Historical records are another reason to call first. Stevens County says those records are available through county offices, which means the office can often point you to the right source even when the old file is not fully online. That makes the county contact useful both for present claims and for older research.

Stevens County Unclaimed Money Images

The Stevens County main site at stevenscountywa.gov is the countywide source for office pages and public references tied to local unclaimed money research.

Stevens County unclaimed money and Stevens County official website

That site is the fastest way to move from a claim lead to the county office that holds the record history.

The Stevens County treasurer page at stevenscountywa.gov/pview.aspx?id=20854&catid=25 gives the treasury details that matter most for county-held funds and tax records.

Stevens County unclaimed money and Stevens County treasurer

Use it when the search result looks like a county payment, tax balance, or foreclosure-related record instead of a straight state claim.

Stevens County Unclaimed Money Resources

The best state resources for Stevens County unclaimed money are the home portal at ucp.dor.wa.gov, the claim search page, the claim status search, and the claim FAQ. Those pages tell you whether the state holds the property and what the claim process looks like. If the record is still local, the county treasurer and historical records can explain the source before you file.

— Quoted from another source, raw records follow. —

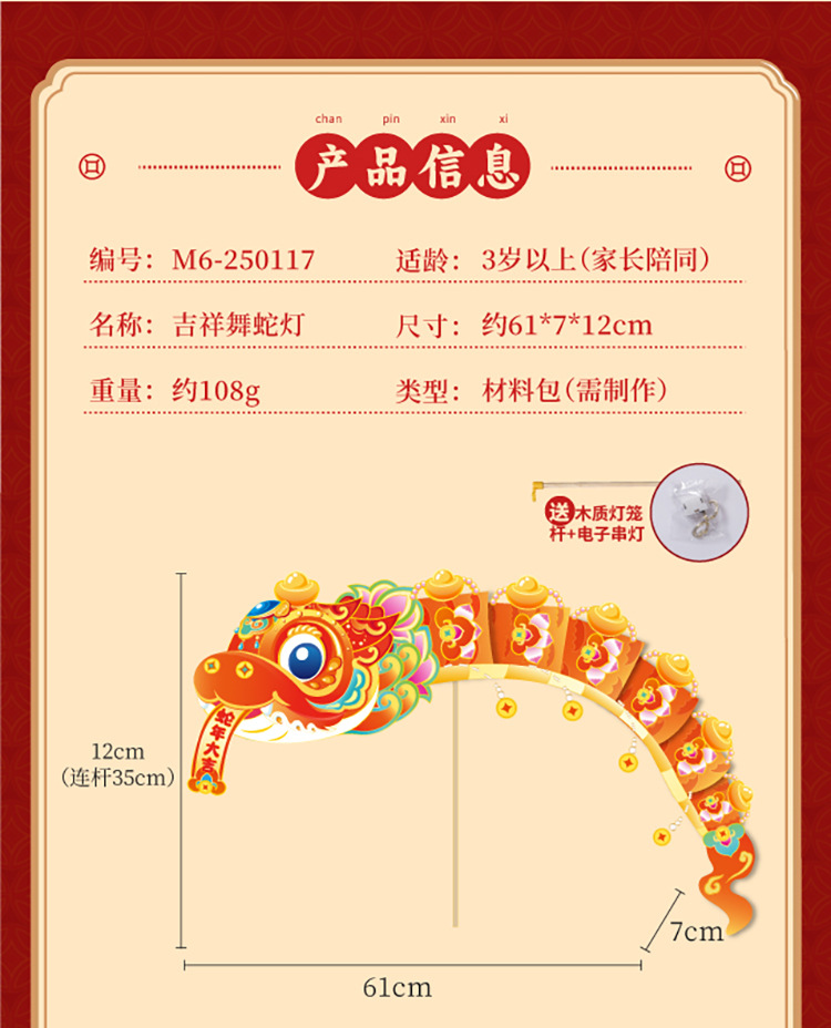 马年新春吉祥舞蛇灯笼手工diy儿童制作材料手提发光国潮花灯批发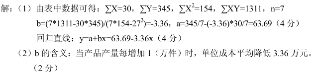 (2)当产品产量每增加1万件时,单位成本的变化情况。(结果保留两位小数)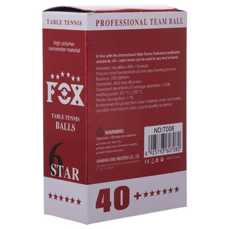 Набір м"ячів для настільного тенісу Fox 6* 40+ 6 шт, код: T006-S52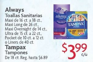 always toallas sanitarias maxi ct.. long overnight ct., ultra pocket liners tampax tampones reg. $alway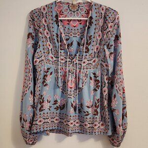 A flattering, relaxed signature Spell blouse in Pandora print in gorgeous aquamarine tones. Pair with denim for that effortless, vintage inspired look!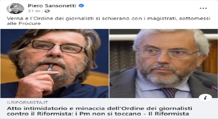 Ha detto che se un giornalista riferisce di un ricorso di Berlusconi contro un magistrato si merita di ricevere la censura dell’Ordine. Ha anche detto, di me, che sfido il ridicolo, usando un linguaggio che fin qui raramente avevo visto nelle esternazioni dei presidenti degli ordini professionali. Diciamo che Verna ha lanciato un avvertimento: state un po’ zitti, smettetela di criticare la magistratura, e vedrete che non succede niente. Se invece volete fare i pierini, sarete bastonati.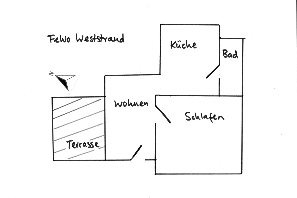 Die Wohnung Weststrand mit separatem/eigenem Eingang ist 42 qm gross und verfügt über 1 Schlafzimmer mit Doppelbett und Einzelbett, 1 Wohnzimmer mit Sat-TV, 1 Bad mit Dusche und Föhn sowie 1 Küchenzeile mit Geschirrspüler, 4 Kochfeldern, Mikrowelle, Kühlschrank mit Gefrierfach, Toaster, Kaffeemaschine und Wasserkocher. Bettwäsche buchbar ab 3 Nächten gegen Gebühr; Handtücher sind mitzubringen. Eine eigene Terrasse mit Gartenmobiliar ist direkt vor der Wohnung vorhanden. Unseren Gästen steht ein Grill im kleinen Garten sowie ein Parkplatz auf dem Grundstück zur Verfügung. Hausgäste können E-Autos bequem an der Unterkunft laden (Typ2, 11kw).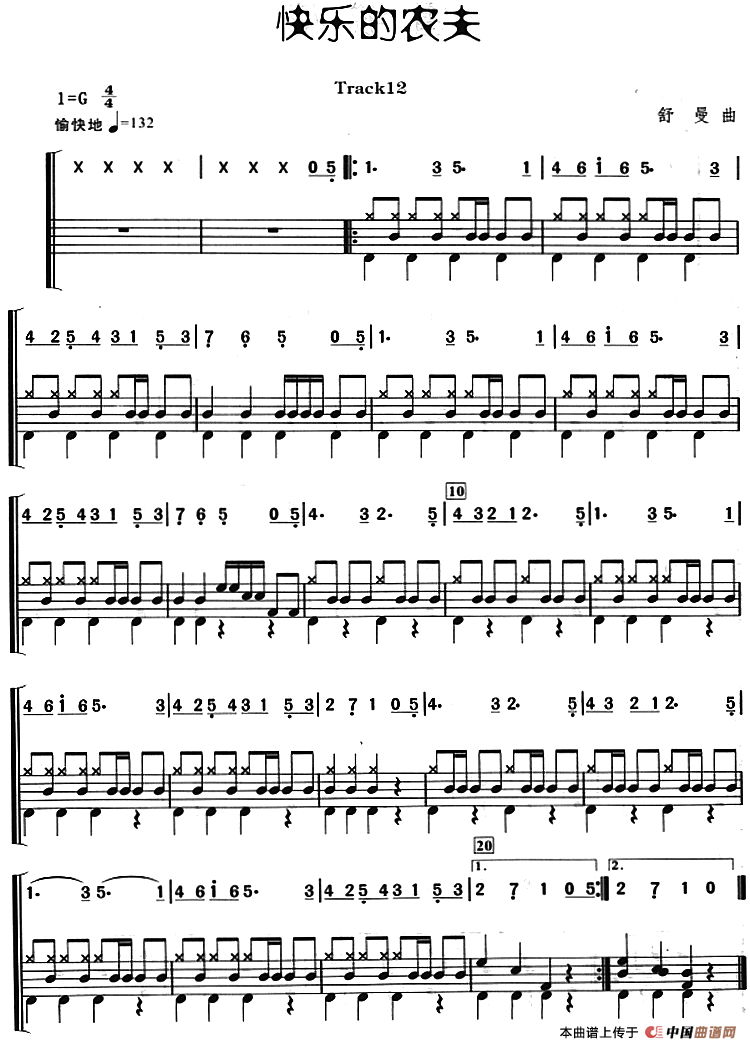 快乐的农夫(架子鼓、主旋律+鼓谱)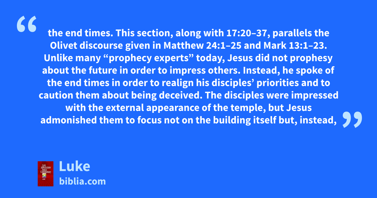 the end times. This section, along with 17:20–37, parallels the Olivet discourse given in Matthew 24:1–25 and Mark 13:1–23. Unlike many “prophecy experts” today, Jesus did not prophesy about the future in order to impress others. Instead, he spoke of the end times in order to realign his disciples’ priorities and to caution them about being deceived. The disciples were impressed with the external appearance of the temple, but Jesus admonished them to focus not on the building itself but, instead,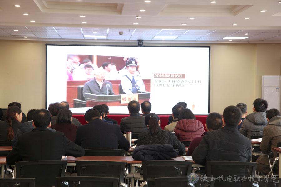邓新治传达了《中共陕西省纪委驻省教育厅纪检组关于组织观看警示教育片<贪与悔>的通知》文件精神,要求全体干部按照学院党委“讲政治、敢担当、改作风”专题教育要求加强自身廉政教育,切实增强廉洁自律意识,提高拒腐防变能力,从警示教育片中汲取深刻教训,自觉践行忠诚干净担当,永葆清正廉洁的政治本色。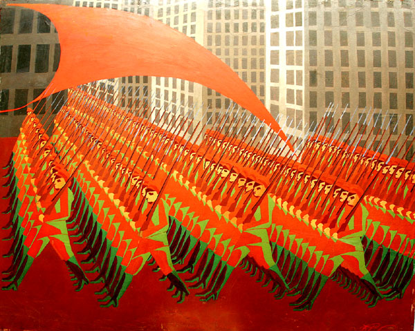 Помимо образа красной революции и белой контрреволюции на страницах появится и образ загнанного реальностью человека, человека отчаянного в своей вере, человека по-кафкиански всегда виновного — целый ряд образов, актуальных всегда и в особенности сегодня. У Брускина же революция дискредитирует себя, оборачивается васнецовской Бабой-ягой или Снеговиком-монстром, пламенем самосожжения или скелетом-притворщиком в шляпе.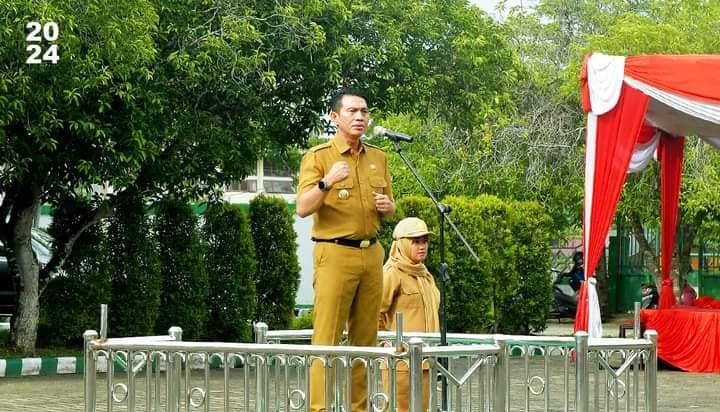 Bulian – Hari pertama masuk kerja, Bupati Batanghari Muhammad Fadhil Arief memimpin upacara setelah melakukan cuti dalam proses Pemilukada Kabupaten Batanghari, Senin (25/11).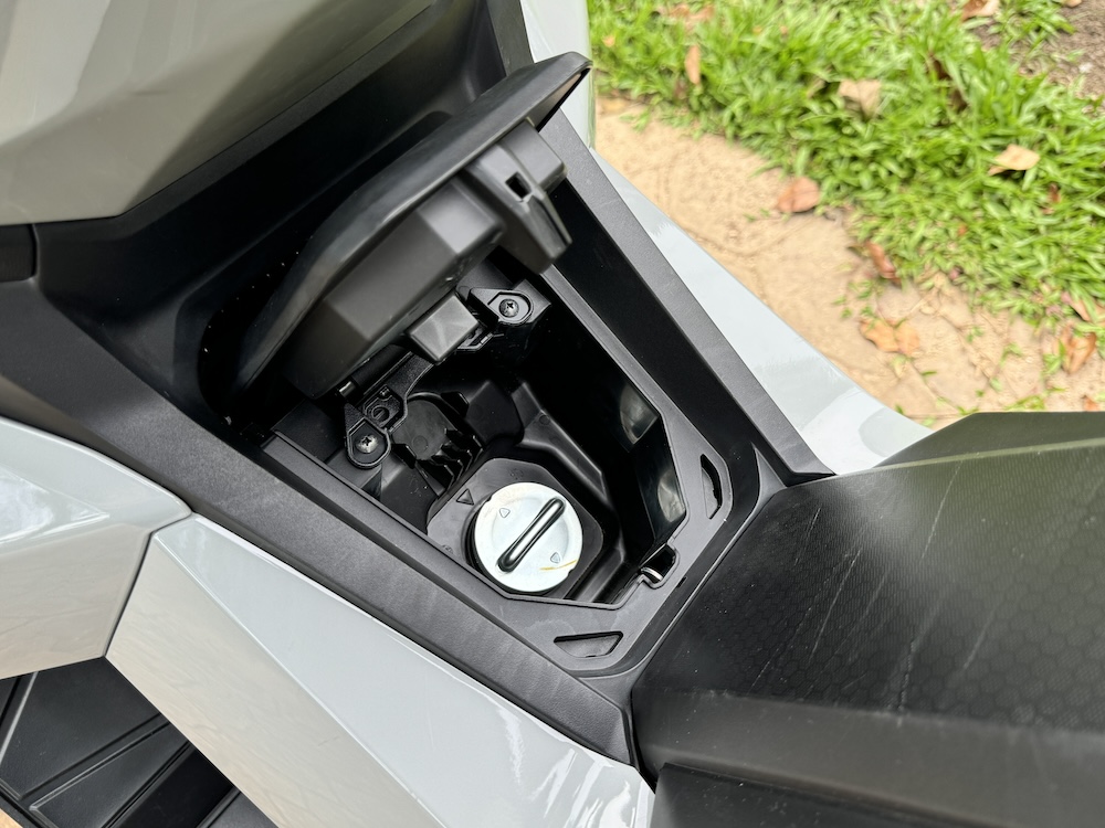 - Bukaan tangki petrol dan pelana menggunakan butang. Sangat mudah digunakan kerana skuter ini dilengkapi sistem penghidup tanpa kunci (keyless).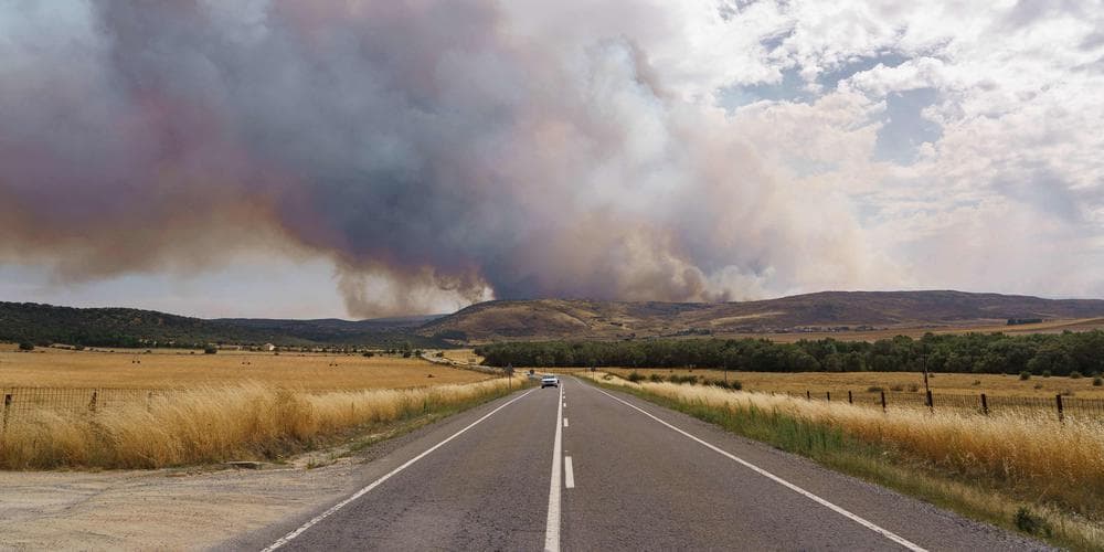 Sous cette chaleur et ce temps sec, et de façon similaire au Sud-Est de la France, des incendies parfois importants se sont déclenchés sur la péninsule ibérique. En fin de semaine du 9 au 15 août, un gigantesque incendie de forêt s'est déclenché sur le Centre-Ouest de l'Espagne, mobilisant plus de 1000 pompiers et dévastant 12 000 hectares de végétation. Plus de 1000 personnes ont dû quitter leur domicile à la suite de ce feu.

For tax-related records, RCW 84.56 and RCW 84.64 are the relevant county-law references. For state-held unclaimed property, the current law is RCW Chapter 63.30. That split matters because a foreclosure record, a tax payment, and a state claim are handled through different channels even when the same person’s name appears on each one.

If you want the shortest path, begin with the county treasurer and the state search at the same time. That usually shows whether you are looking at a current county file, an older county payment, or a Washington-held account that is ready for a claim.